Using the entries that follow, transcribe only the lines from the line with "six clear wine" to the line with "透明手机套装两部手机可触摸双手机套二合一防尘收纳钱包式手机包", both included, exactly as they stand and without pictures.

◇ ◇ ◇ ◇ ◇ ◇ ◇

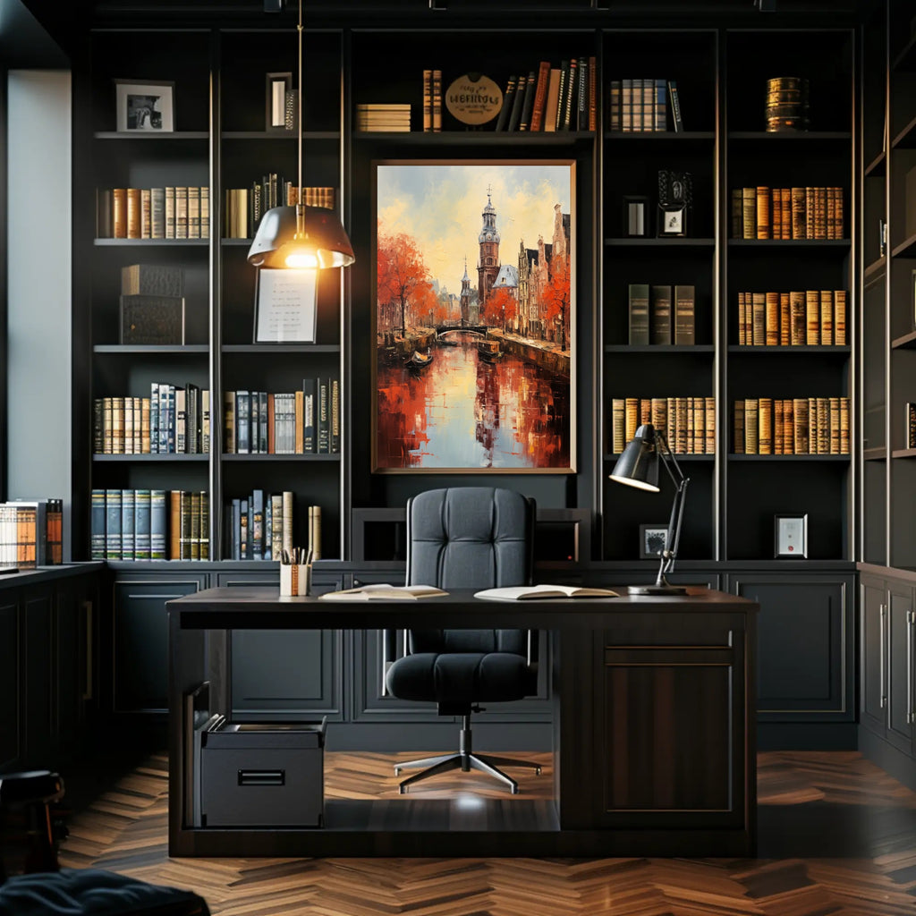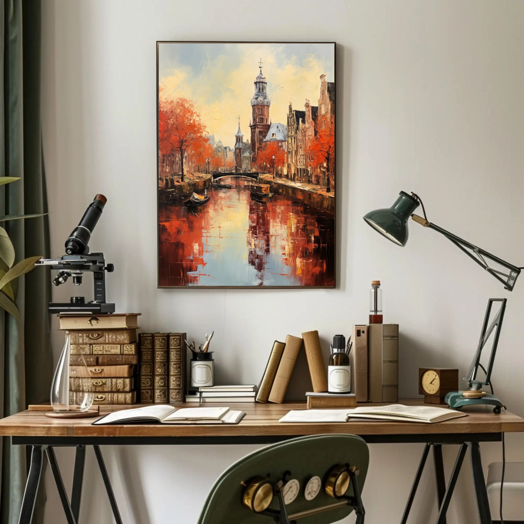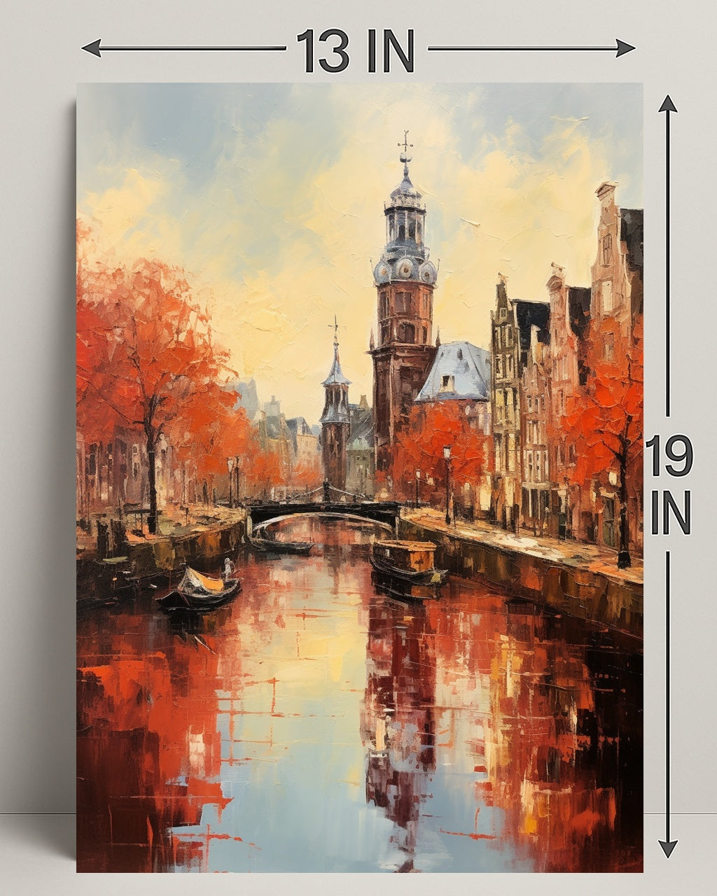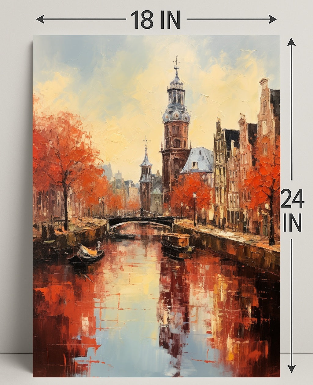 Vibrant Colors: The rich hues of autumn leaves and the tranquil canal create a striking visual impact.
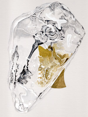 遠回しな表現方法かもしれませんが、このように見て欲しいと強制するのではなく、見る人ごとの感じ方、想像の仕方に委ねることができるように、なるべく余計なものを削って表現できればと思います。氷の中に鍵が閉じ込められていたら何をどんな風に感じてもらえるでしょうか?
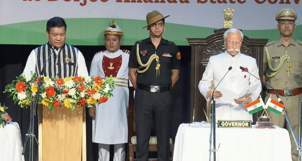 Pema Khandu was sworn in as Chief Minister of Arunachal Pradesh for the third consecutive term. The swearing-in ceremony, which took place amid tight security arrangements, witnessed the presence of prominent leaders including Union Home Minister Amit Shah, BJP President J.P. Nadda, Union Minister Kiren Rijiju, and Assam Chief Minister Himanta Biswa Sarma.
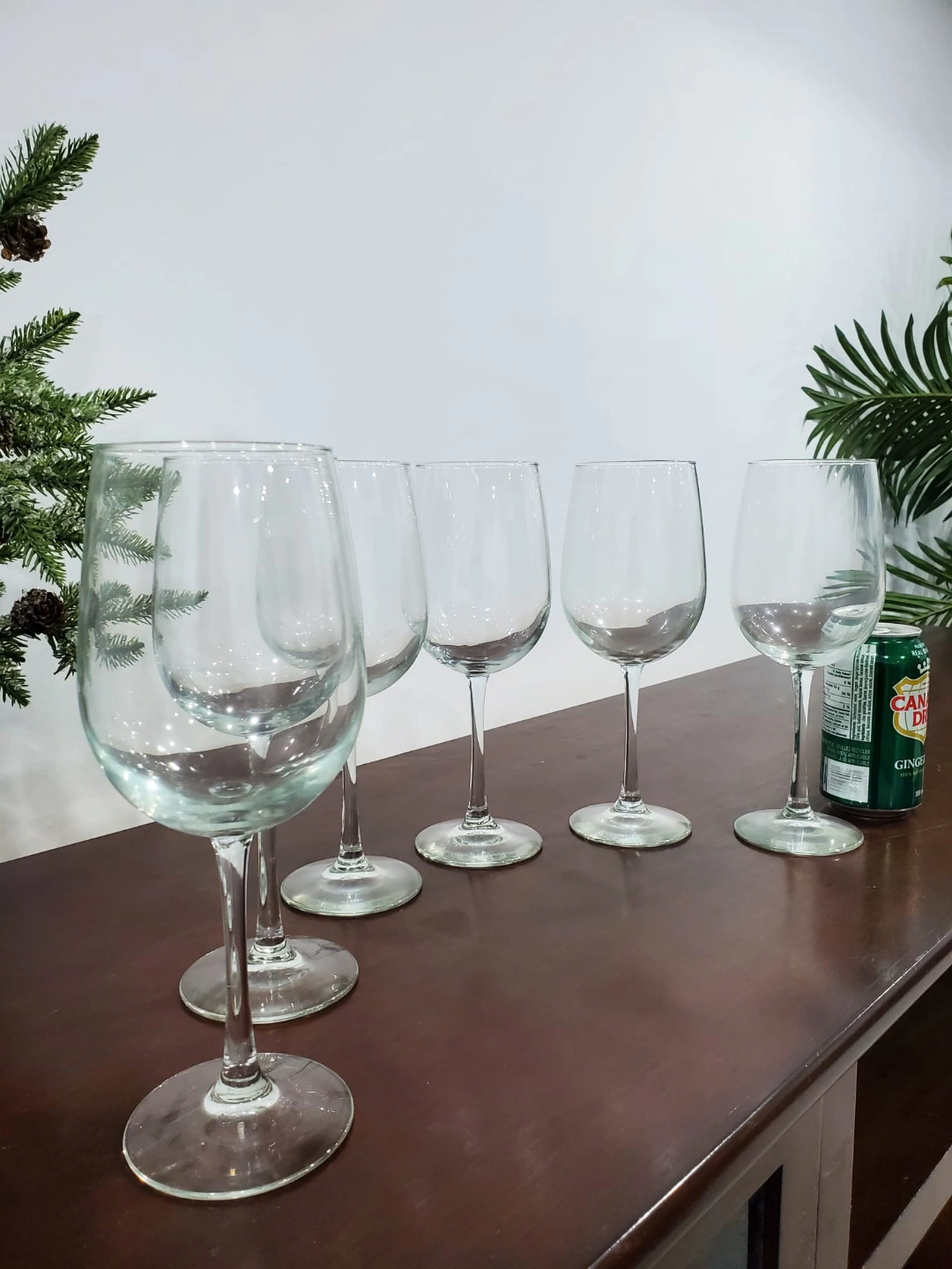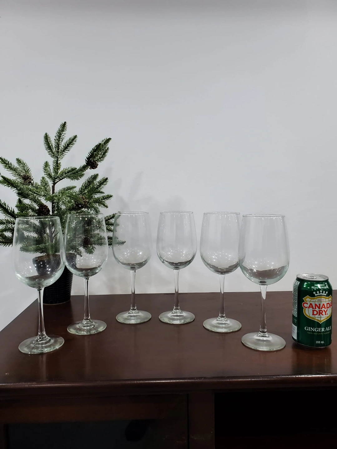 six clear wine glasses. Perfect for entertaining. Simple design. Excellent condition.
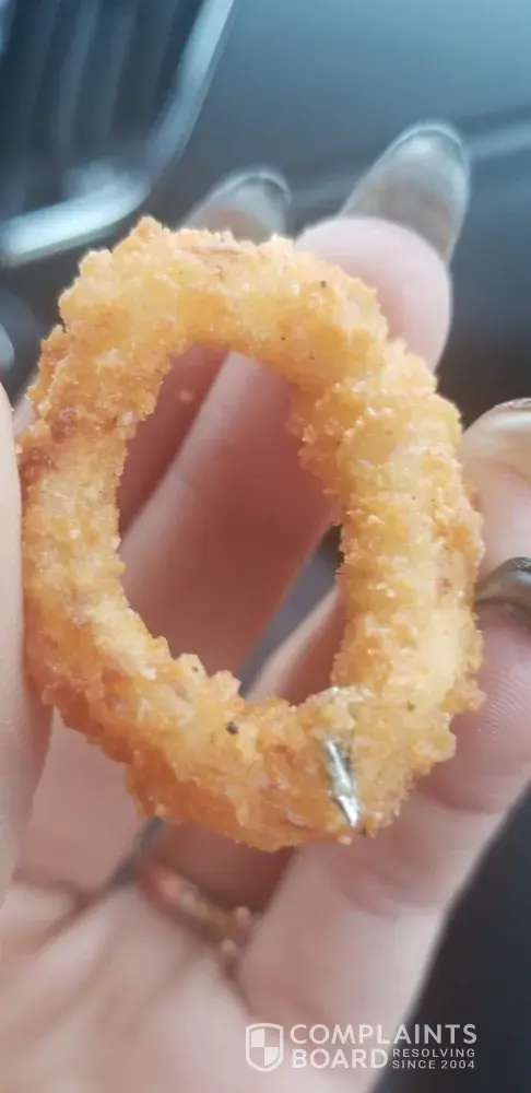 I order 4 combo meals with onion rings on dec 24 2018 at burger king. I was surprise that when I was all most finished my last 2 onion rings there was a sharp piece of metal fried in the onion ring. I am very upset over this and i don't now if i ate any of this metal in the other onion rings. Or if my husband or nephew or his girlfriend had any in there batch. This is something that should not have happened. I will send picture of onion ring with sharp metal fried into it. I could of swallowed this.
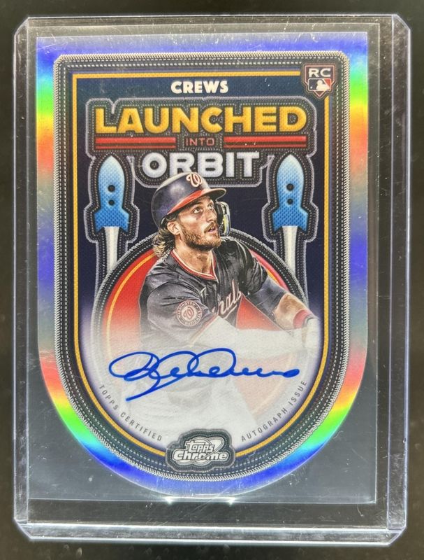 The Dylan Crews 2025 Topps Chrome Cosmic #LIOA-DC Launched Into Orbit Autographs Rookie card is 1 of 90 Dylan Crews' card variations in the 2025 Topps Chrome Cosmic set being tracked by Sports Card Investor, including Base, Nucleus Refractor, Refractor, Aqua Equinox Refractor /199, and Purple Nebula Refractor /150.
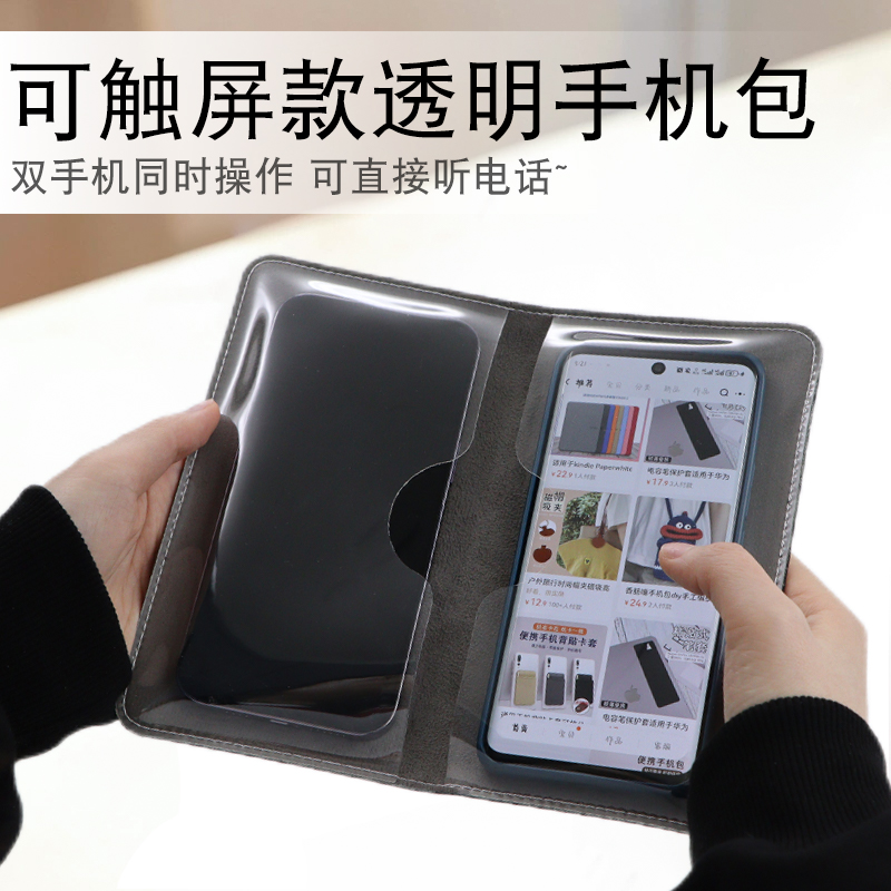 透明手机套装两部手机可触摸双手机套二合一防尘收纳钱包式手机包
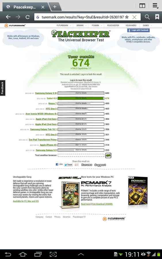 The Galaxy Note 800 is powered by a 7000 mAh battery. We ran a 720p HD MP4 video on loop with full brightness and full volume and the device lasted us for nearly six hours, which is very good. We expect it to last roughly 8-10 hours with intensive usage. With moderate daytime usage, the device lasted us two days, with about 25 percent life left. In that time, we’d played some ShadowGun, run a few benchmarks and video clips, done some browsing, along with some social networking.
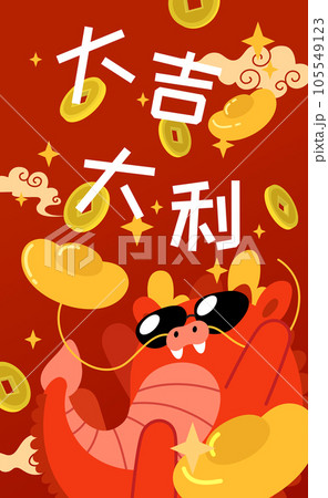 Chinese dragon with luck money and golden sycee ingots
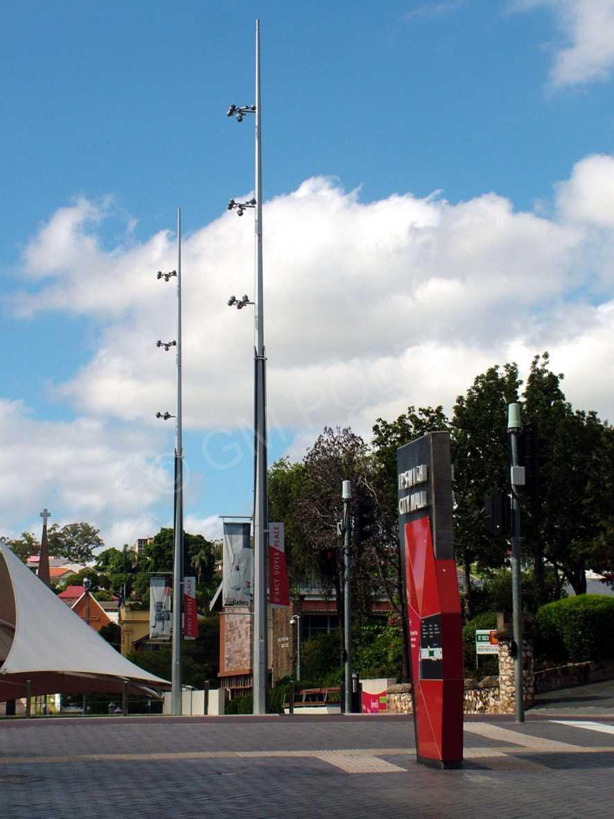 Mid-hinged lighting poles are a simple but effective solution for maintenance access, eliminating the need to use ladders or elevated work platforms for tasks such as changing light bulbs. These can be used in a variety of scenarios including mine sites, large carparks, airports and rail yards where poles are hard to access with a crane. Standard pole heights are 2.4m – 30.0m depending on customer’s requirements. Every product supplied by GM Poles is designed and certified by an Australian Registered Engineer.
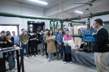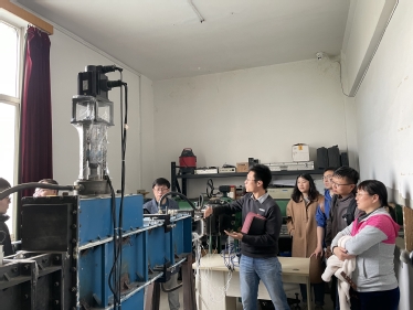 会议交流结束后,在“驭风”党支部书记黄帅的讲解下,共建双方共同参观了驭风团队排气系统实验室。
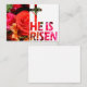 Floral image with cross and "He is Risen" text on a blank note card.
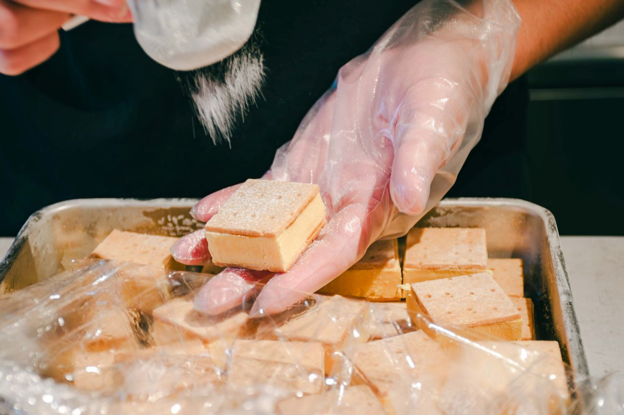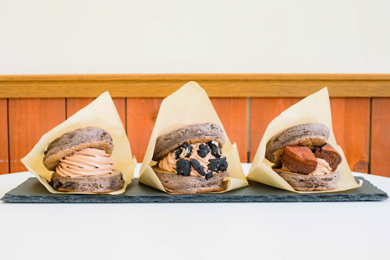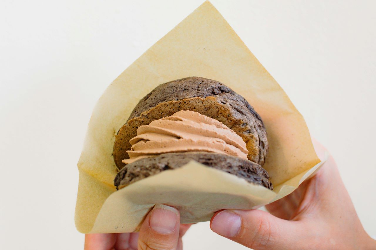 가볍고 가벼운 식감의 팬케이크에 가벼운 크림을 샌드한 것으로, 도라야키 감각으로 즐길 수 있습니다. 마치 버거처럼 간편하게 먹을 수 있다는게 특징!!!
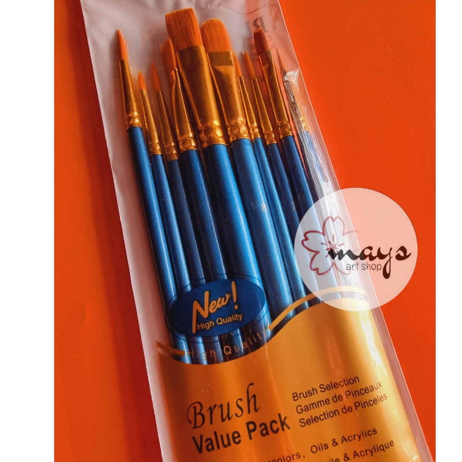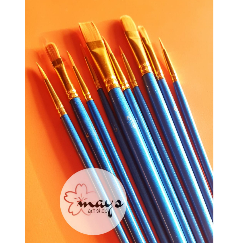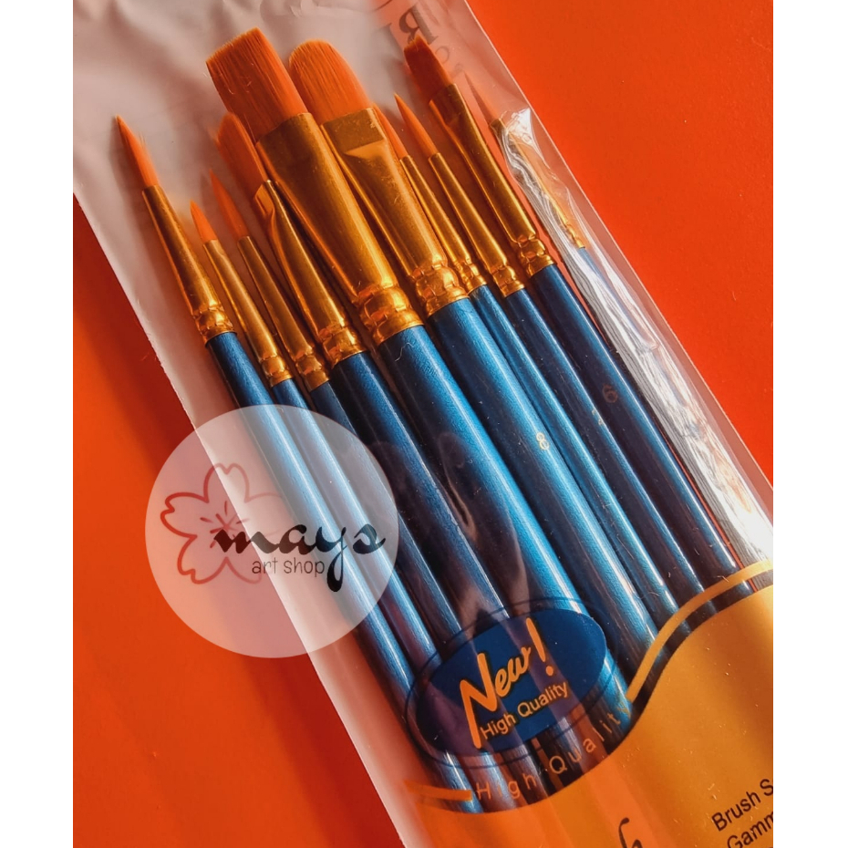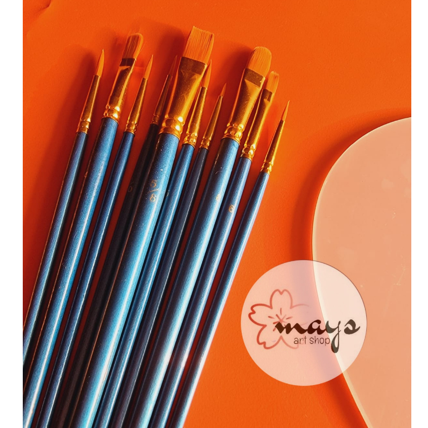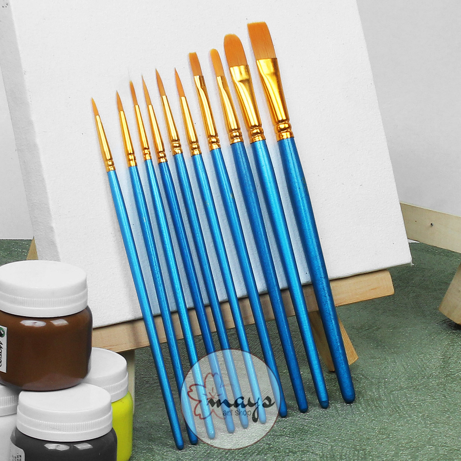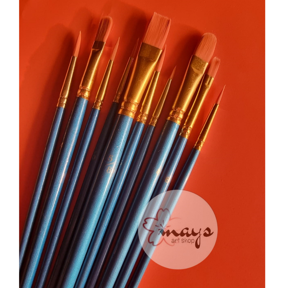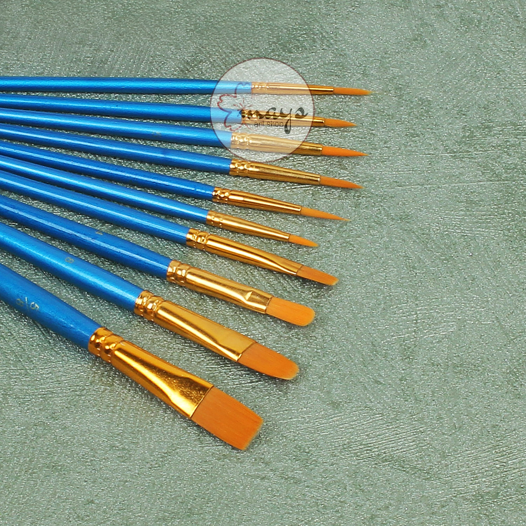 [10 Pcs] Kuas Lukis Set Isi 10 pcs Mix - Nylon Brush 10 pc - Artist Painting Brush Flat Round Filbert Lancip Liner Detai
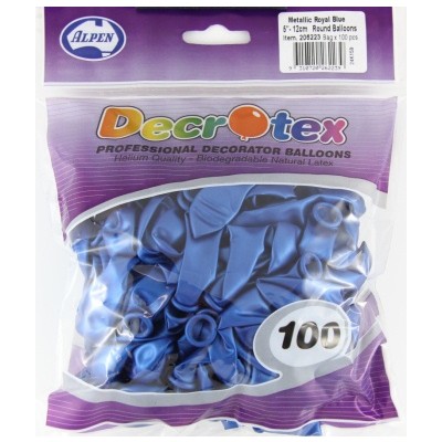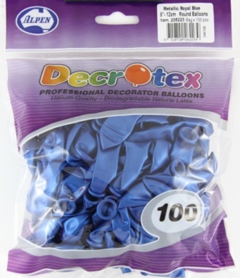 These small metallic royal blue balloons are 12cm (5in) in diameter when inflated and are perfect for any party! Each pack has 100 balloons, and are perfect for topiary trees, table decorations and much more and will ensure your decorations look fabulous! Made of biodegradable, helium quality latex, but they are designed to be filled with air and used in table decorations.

◇ ◇ ◇ ◇ ◇ ◇ ◇

* _Task result_:
 six clear wine glasses. Perfect for entertaining. Simple design. Excellent condition.
 I order 4 combo meals with onion rings on dec 24 2018 at burger king. I was surprise that when I was all most finished my last 2 onion rings there was a sharp piece of metal fried in the onion ring. I am very upset over this and i don't now if i ate any of this metal in the other onion rings. Or if my husband or nephew or his girlfriend had any in there batch. This is something that should not have happened. I will send picture of onion ring with sharp metal fried into it. I could of swallowed this.
 The Dylan Crews 2025 Topps Chrome Cosmic #LIOA-DC Launched Into Orbit Autographs Rookie card is 1 of 90 Dylan Crews' card variations in the 2025 Topps Chrome Cosmic set being tracked by Sports Card Investor, including Base, Nucleus Refractor, Refractor, Aqua Equinox Refractor /199, and Purple Nebula Refractor /150.
 透明手机套装两部手机可触摸双手机套二合一防尘收纳钱包式手机包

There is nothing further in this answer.